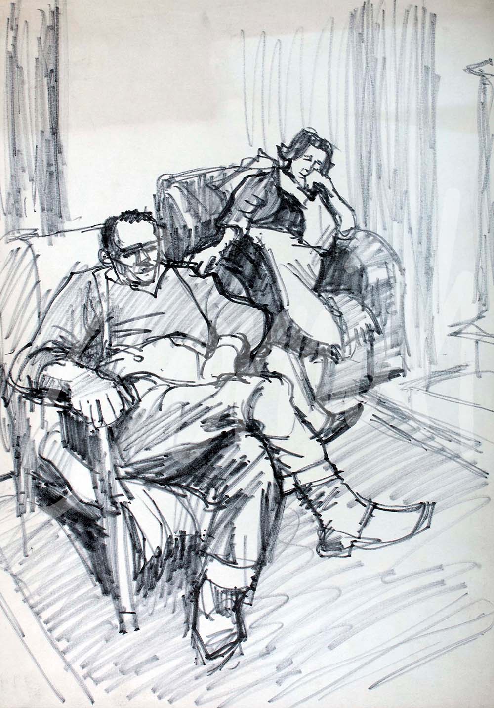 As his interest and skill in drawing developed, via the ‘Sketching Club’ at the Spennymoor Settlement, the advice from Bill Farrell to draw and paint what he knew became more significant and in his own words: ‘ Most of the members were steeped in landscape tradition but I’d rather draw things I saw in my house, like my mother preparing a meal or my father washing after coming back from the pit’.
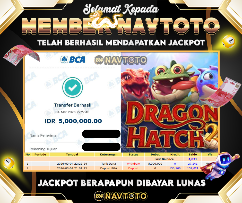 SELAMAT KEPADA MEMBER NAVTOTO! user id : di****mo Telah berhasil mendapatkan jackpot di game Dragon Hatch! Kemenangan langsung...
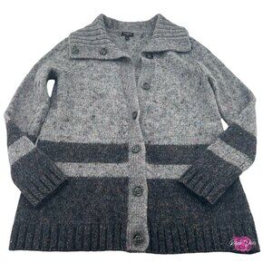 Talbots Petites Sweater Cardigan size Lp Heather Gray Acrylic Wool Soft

Task instructions :: Write out the whole listing exactly, and drop the pictures.

Output for this exercise ::
 As his interest and skill in drawing developed, via the ‘Sketching Club’ at the Spennymoor Settlement, the advice from Bill Farrell to draw and paint what he knew became more significant and in his own words: ‘ Most of the members were steeped in landscape tradition but I’d rather draw things I saw in my house, like my mother preparing a meal or my father washing after coming back from the pit’.
 SELAMAT KEPADA MEMBER NAVTOTO! user id : di****mo Telah berhasil mendapatkan jackpot di game Dragon Hatch! Kemenangan langsung...
 Talbots Petites Sweater Cardigan size Lp Heather Gray Acrylic Wool Soft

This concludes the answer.